RunningLog vs Strava: Why Dedicated Race Tracking Beats Activity Feeds

October 15, 2025 · by Radu

Strava is the go-to app for millions of runners worldwide, and for good reason—it’s excellent for tracking daily runs, connecting with friends, and competing on segments. But when it comes to organizing and analyzing your race history specifically, a dedicated race logging platform offers distinct advantages that Strava simply wasn’t designed to provide.

If you’re a runner who takes racing seriously—whether that’s local 5Ks or international marathons—here’s why a purpose-built race tracking system might be the missing piece in your running toolkit.

The Race Tracking Problem with Strava

Strava excels at what it was built for: social running, activity tracking, and segment competition. However, several limitations emerge when you try to use it as your primary race history system:

Races Get Lost in Your Activity Feed

Every training run, recovery jog, and race appears the same in your Strava feed. That marathon you ran last year? It’s buried somewhere between hundreds of weekly training runs. Finding specific race results means scrolling endlessly or using search functions that weren’t designed for organizing race-specific data.
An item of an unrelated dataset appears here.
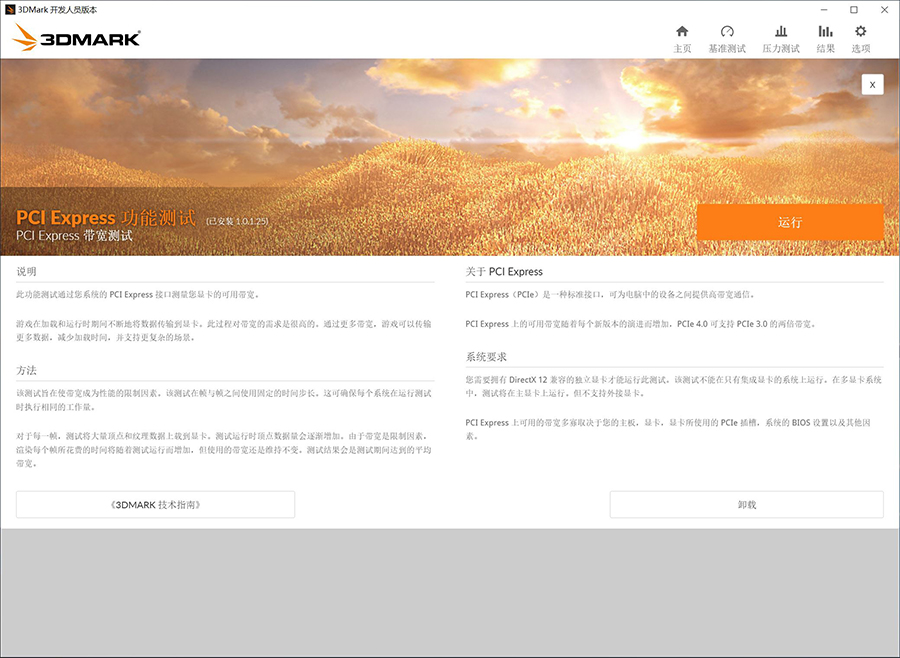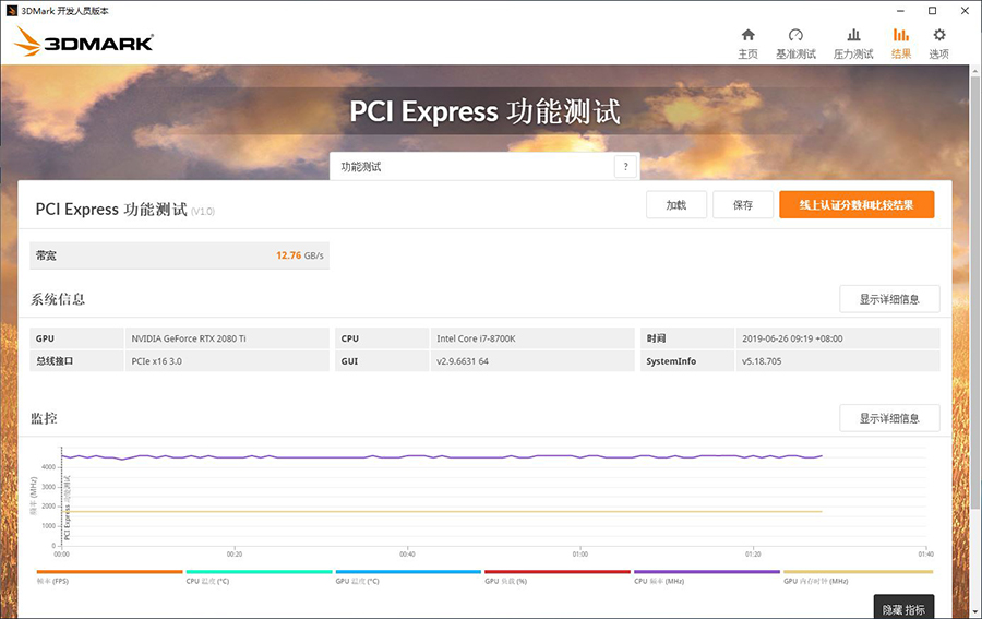 根据说明,3DMark的PCI Express功能测试可以通过PCIe接口测试显卡的可用带宽,并表示更多的贷款可以让游戏运行传输更多的数据,减少游戏的加载时间,并可以在更加复杂的场景当中跑出更流畅的成绩。

Limited Race-Specific Data

While Strava captures your GPS data and time, it doesn’t track race-specific information that matters to competitive runners:

  • Official finish times (which may differ from GPS time)
  • Overall placement among finishers
  • Age group rankings
  • Race-specific conditions and notes
  • Planned future races

No Historical Race Organization

Strava doesn’t organize your races by event, location, or distance in any meaningful way. If you’ve run the same marathon multiple times over several years, there’s no easy way to view those performances side-by-side to track your progression on that specific course.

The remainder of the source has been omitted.